Eligible patients (n=1,426; mean age 82.1; 47.5% women; about 83% White) were randomized in an open-label 1:1 fashion to either edoxaban (60 mg daily) or VKA with an international normalized ratio (INR) goal of 2-3. Specified antiplatelet therapy in either group was allowed at the discretion of the treating physician, including dual antiplatelet therapy for up to 3 months after TAVR or single antiplatelet therapy indefinitely.
Randomization largely occurred within 3 days after TAVR. The authors noted that 46.4% of patients in the edoxaban arm had a dose adjustment to 30 mg once a day on the basis of creatinine clearance, weight, or P-glycoprotein inhibitor use. Also, during the trial, 30.2% in the edoxaban group discontinued the trial agent versus 40.5% who quit a VKA.
The group overall had a mean Society of Thoracic Surgeons score of 4.9%, and a mean CHA2DS2-VASC score of 4.5. The vast majority (99%) had pre-TAVR AFib. Also, pre-randomization, there was concomitant use of oral antiplatelet agents in 46.0% of patients in the edoxaban group and 50.4% in the VKA group.
As for mortality, death from any cause or stroke occurred in 85 patients in the edoxaban group and in 93 patients in the vitamin K antagonist group (HR 0.86, 95% CI 0.64 to 1.15).
Trial limitations included the open-label design that increased the chance of reporting bias. Also, the pandemic in 2019 may have “affected the outpatient clinic follow-up routine and may have resulted in underassessment of laboratory data and mild-to-moderate clinical events,” the authors explained.
What might the results mean for the future of DOACS/NOACS (novel oral anticoagulants)? In an American College of Cardiology (ACC) summary, Dharam J. Kumbhani, MD, SM, of the UT Southwestern Medical Center in Dallas, pointed out that the “[ENVISAGE-TAVI AF] results are overall similar to data with edoxaban among patients with AFib but not undergoing TAVR; the higher bleeding rates are likely a reflection of the population enrolled: elderly and frail with multiple comorbidities,” and cited previous trials such as GALILEO (also led by Dangas) and ATLANTIS.

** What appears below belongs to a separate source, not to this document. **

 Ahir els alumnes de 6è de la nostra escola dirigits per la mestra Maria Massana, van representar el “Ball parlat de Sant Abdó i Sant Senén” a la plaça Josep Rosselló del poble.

“I think the [non-inferiority results] were good in general for NOACS,” noted Deepak Bhatt, MD, MPH, of Brigham & Women’s Hospital in Boston, in an ESC Highlights discussion from the ACC. But Bhatt, who said he served on the ENVISAGE-TAV AF data and safety monitoring board, added that “In the U.S., I don’t know many folks… that are using edoxaban as their NOAC of choice. I think most folks will continue to use other NOACs.”

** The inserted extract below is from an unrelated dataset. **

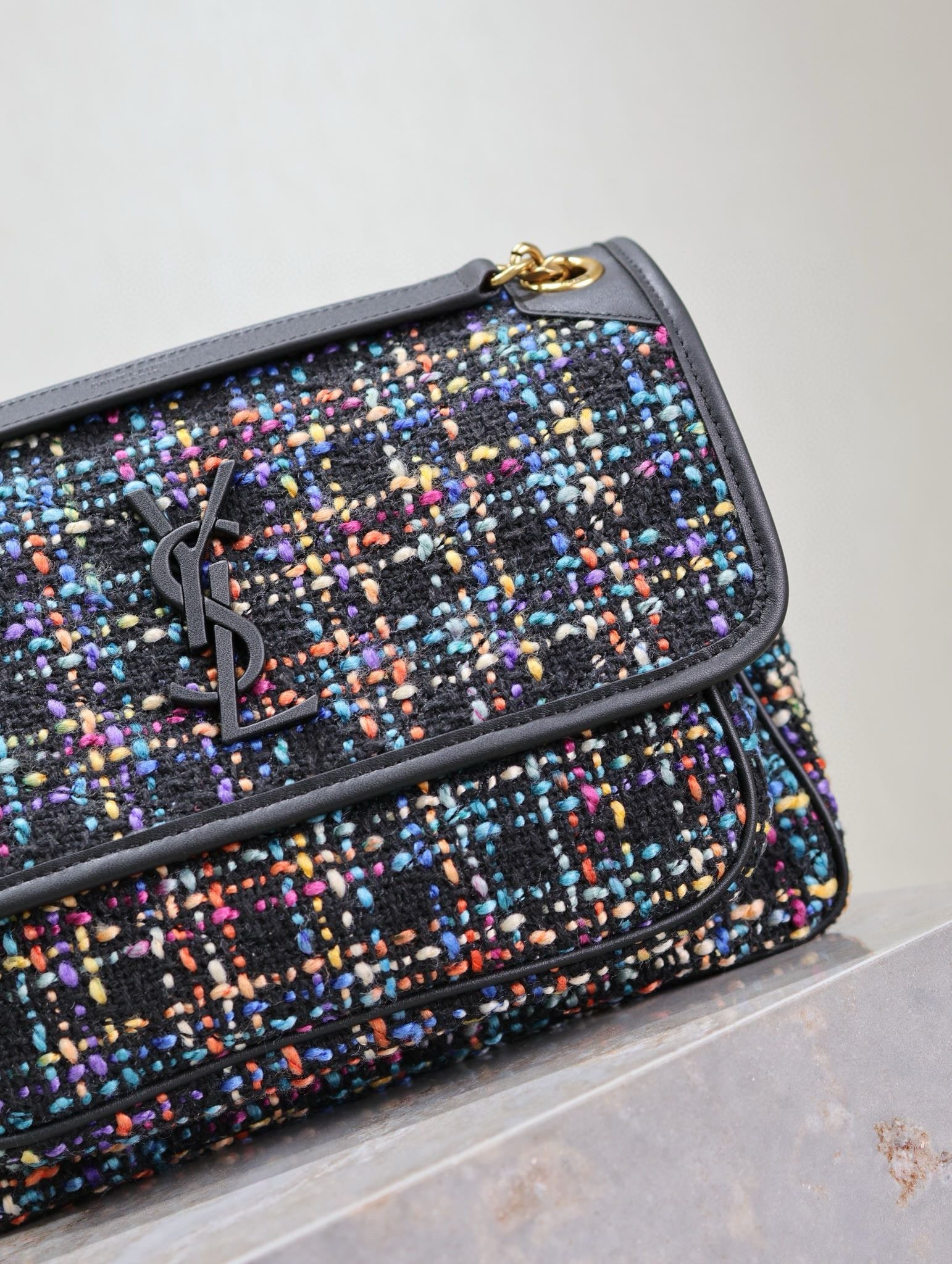YSL Niki Medium 28cm Tweed Bag Gold Hardware

In the new valvular disease guidelines from ESC/European Association for Cardio-Thoracic Surgery, also presented at the ESC virtual meeting and published in the European Heart Journal, DOACS were strongly recommended over vitamin K antagonists in multiple indications, including stroke prevention in people with native valve disease and atrial fibrillation.
Edoxaban was non-inferior to vitamin K antagonists (VKA) for the composite primary outcome of adverse clinical events in patients who had an indication for oral anticoagulation for atrial fibrillation after successful transcatheter aortic valve replacement.

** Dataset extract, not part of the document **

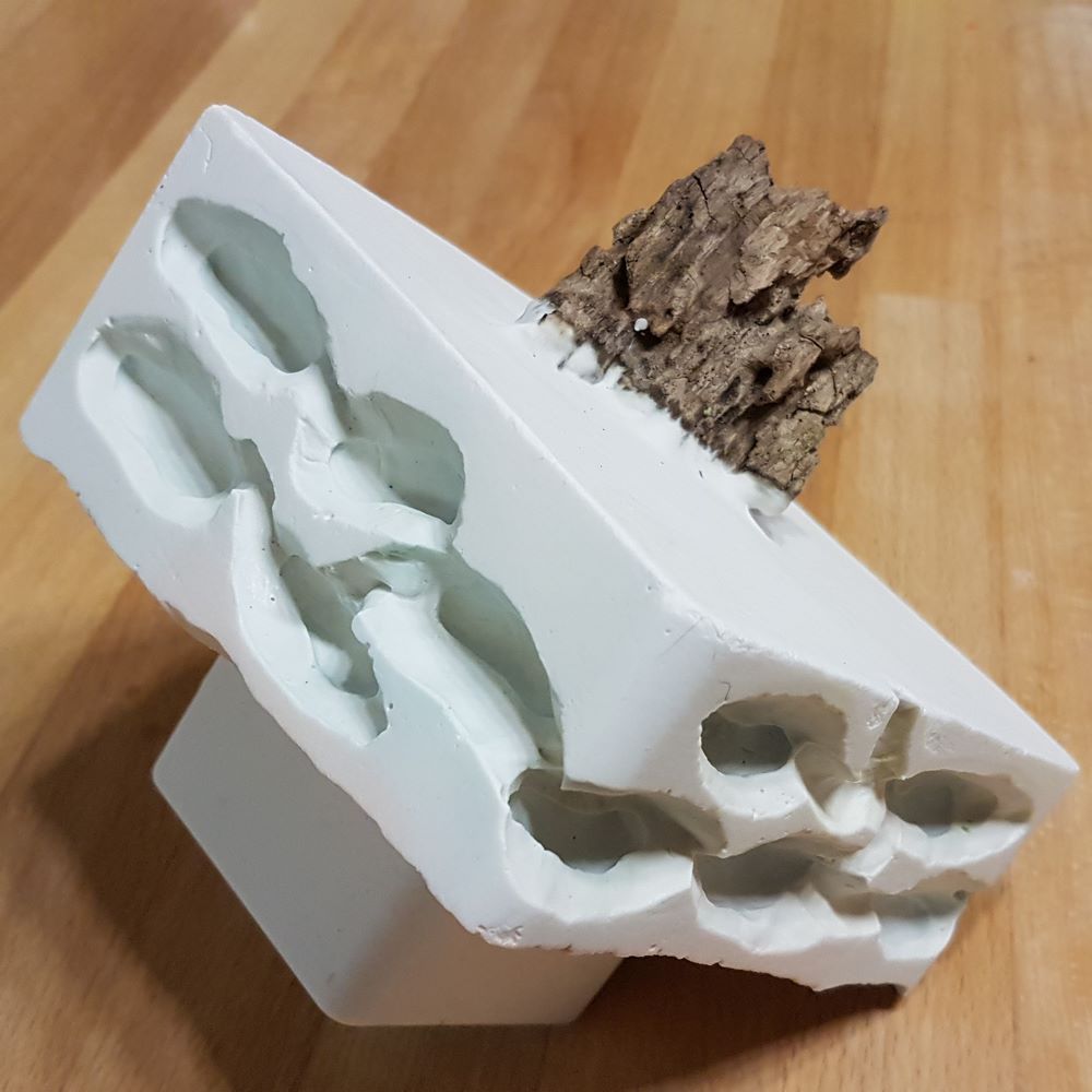 Difficile de visualiser une fourmilière en négatif lorsque l'on a pas trop l'habitude. Je veux éviter des galeries trop grosses et des « chambres » trop petites. Il faut que cela ait l'air un minimum « naturel ».

Edoxaban was tied to a higher risk of major bleeding than versus VKA in the ENVISAGE-TAVI AF trial.
Shalmali Pal, Contributing Writer, BreakingMED™
ENVISAGE-TAVI AF was funded by Daiichi Sankyo. Some co-authors are company employees.
Dangas reported relationships with, and/or support from, Bayer, Boston Scientific, Daiichi Sankyo, and Medtronic. Co-authors reported multiple relationships with industry including Daiichi Sankyo.